424B3 1 d424b3.htm PROSPECTUS SUPPLEMENT NO. 4 TO PROSPECTUS DATED APRIL 26, 2006 Prospectus Supplement No. 4 to Prospectus dated April 26, 2006

Filed Pursuant to Rule 424(b)(3)

Registration No. 333-130869

PROSPECTUS SUPPLEMENT NO. 4

(To Prospectus dated April 26, 2006)

PW EAGLE, INC.

1,323,334 Shares of Common Stock

This Prospectus Supplement No. 4 should be read in conjunction with the prospectus dated April 26, 2006 (as previously supplemented by prospectus supplements dated June 23, 2006, August 16, 2006, and November 13, 2006 which, together with this Prospectus Supplement No. 4, collectively make up and are referred to herein as the “Prospectus”) relating to the offer and sale from time to time by the selling shareholders identified in the Prospectus of up to 1,323,334 shares of the common stock of PW Eagle, Inc. We will not receive any of the proceeds from the sale of the common stock covered by the Prospectus.

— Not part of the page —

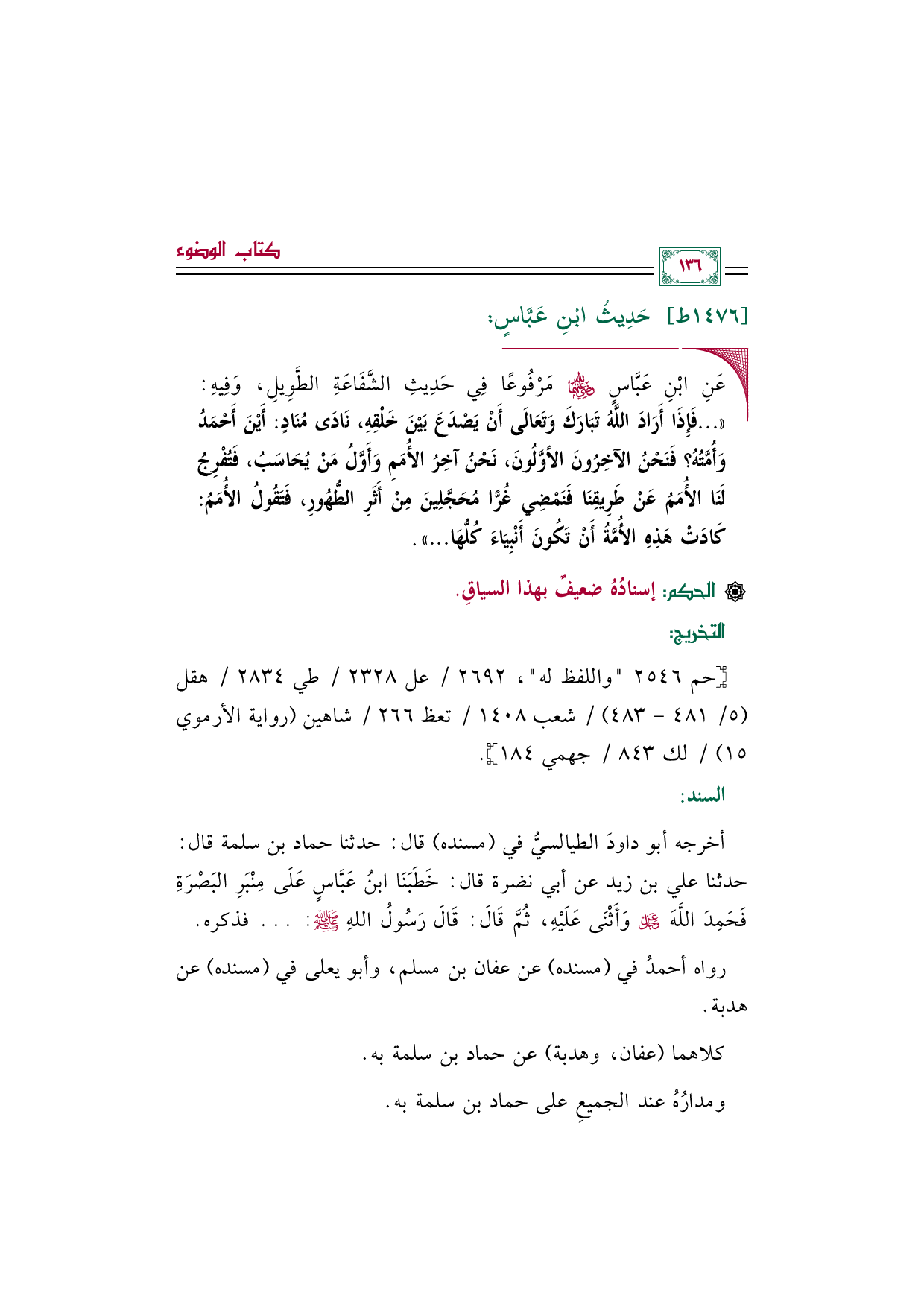 ومدارُهُ عند الجميعِ على حماد بن سلمة به.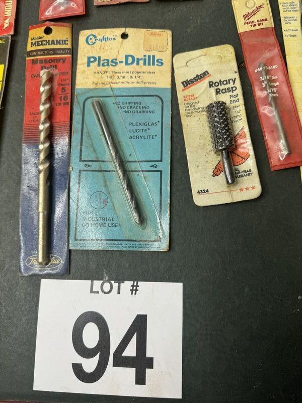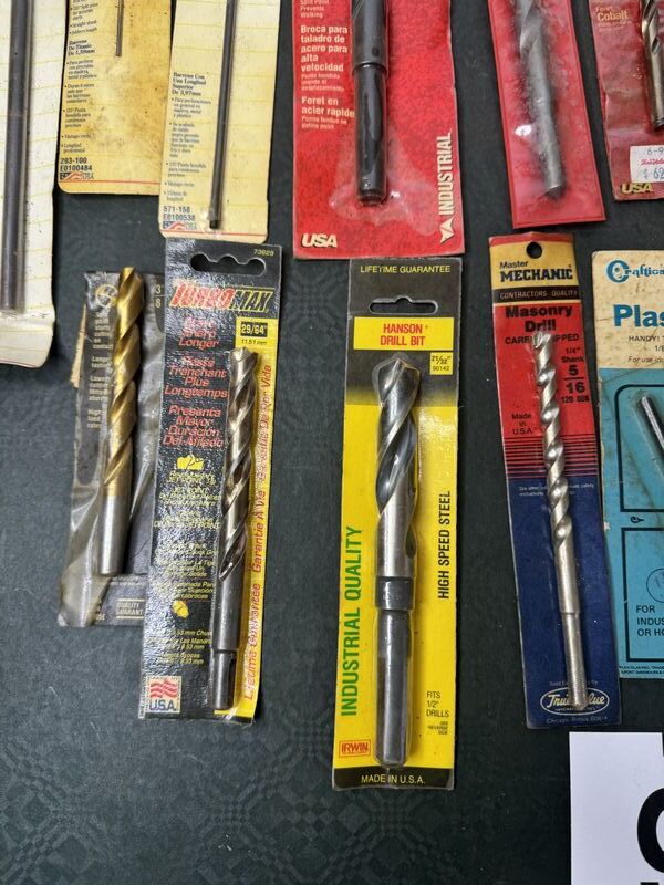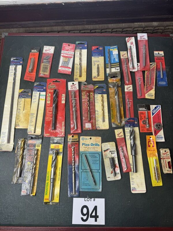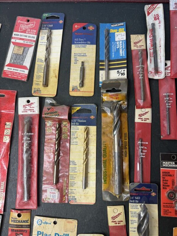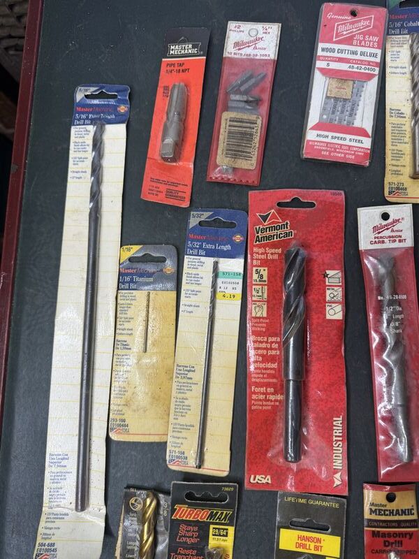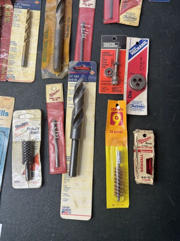 Mostly drill bits, some saw blades and dies. All new unused in package. Sold as is.

We filed Current Reports on Form 8-K with the SEC on November 21, 2006 and January 16, 2007. The Securities and Exchange Commission allows us to “incorporate” into the Prospectus the information we periodically file with the Securities and Exchange Commission. This means that we can disclose important information to you by referring you to those documents. The information incorporated by reference is considered to be part of the Prospectus. We hereby incorporate by reference the Current Reports on Form 8-K listed above, other than information deemed to be furnished to rather than filed with the SEC, except with respect to information deemed to be furnished rather than filed with the SEC contained in Item 7.01(a) to our Current Report on Form 8-K dated January 16, 2007, which shall be incorporated by reference into the Prospectus. Upon written or oral request, we will provide free of charge a copy of the documents we incorporate by reference to each person, including any beneficial owner of our common stock, to whom a copy of the Prospectus is delivered. To request a copy of any or all of these documents, you should write or telephone us at the following address and telephone number:

PW Eagle, Inc.

1550 Valley River Drive

Eugene, Oregon 97401

Telephone: (541) 349-8300

In addition, you may access these reports incorporated by reference through our website at www.pweagleinc.com

The information contained herein, including the information attached hereto, supplements and supersedes, in part, the information contained in the Prospectus. This Prospectus Supplement No. 4 should be read in conjunction with the Prospectus, and is qualified by reference to the Prospectus except to the extent that the information in this Prospectus Supplement No. 4 supersedes the information contained in the Prospectus.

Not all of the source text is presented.